__GIVEN RECORDS__
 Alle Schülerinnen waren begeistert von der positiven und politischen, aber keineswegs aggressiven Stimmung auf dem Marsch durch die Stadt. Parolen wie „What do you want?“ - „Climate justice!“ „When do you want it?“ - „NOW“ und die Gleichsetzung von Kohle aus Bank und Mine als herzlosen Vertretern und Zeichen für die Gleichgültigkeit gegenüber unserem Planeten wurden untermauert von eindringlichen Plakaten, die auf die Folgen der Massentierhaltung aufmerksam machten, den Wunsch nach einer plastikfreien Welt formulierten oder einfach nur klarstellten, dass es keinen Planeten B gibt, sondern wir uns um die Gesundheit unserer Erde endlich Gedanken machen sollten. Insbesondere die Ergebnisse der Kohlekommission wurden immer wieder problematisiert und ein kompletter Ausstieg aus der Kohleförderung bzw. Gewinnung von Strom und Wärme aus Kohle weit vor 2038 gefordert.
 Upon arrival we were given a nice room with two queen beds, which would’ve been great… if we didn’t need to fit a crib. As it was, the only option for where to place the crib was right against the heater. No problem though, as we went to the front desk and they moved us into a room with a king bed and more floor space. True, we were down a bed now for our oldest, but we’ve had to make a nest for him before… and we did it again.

---

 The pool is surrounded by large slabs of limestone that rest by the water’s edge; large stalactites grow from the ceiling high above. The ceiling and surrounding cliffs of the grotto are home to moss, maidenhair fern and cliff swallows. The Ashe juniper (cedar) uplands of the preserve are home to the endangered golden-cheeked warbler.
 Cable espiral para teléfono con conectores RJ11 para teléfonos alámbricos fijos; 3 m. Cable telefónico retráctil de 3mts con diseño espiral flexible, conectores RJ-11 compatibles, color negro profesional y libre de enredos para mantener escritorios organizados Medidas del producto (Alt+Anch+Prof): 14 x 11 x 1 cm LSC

__INSTRUCTIONS FOR THE TASK__
From the data above, output exactly the lines between the one containing "The pool is" and the one containing "Cable espiral para", counting both of them.

__THE ANSWER__
 The pool is surrounded by large slabs of limestone that rest by the water’s edge; large stalactites grow from the ceiling high above. The ceiling and surrounding cliffs of the grotto are home to moss, maidenhair fern and cliff swallows. The Ashe juniper (cedar) uplands of the preserve are home to the endangered golden-cheeked warbler.
 Cable espiral para teléfono con conectores RJ11 para teléfonos alámbricos fijos; 3 m. Cable telefónico retráctil de 3mts con diseño espiral flexible, conectores RJ-11 compatibles, color negro profesional y libre de enredos para mantener escritorios organizados Medidas del producto (Alt+Anch+Prof): 14 x 11 x 1 cm LSC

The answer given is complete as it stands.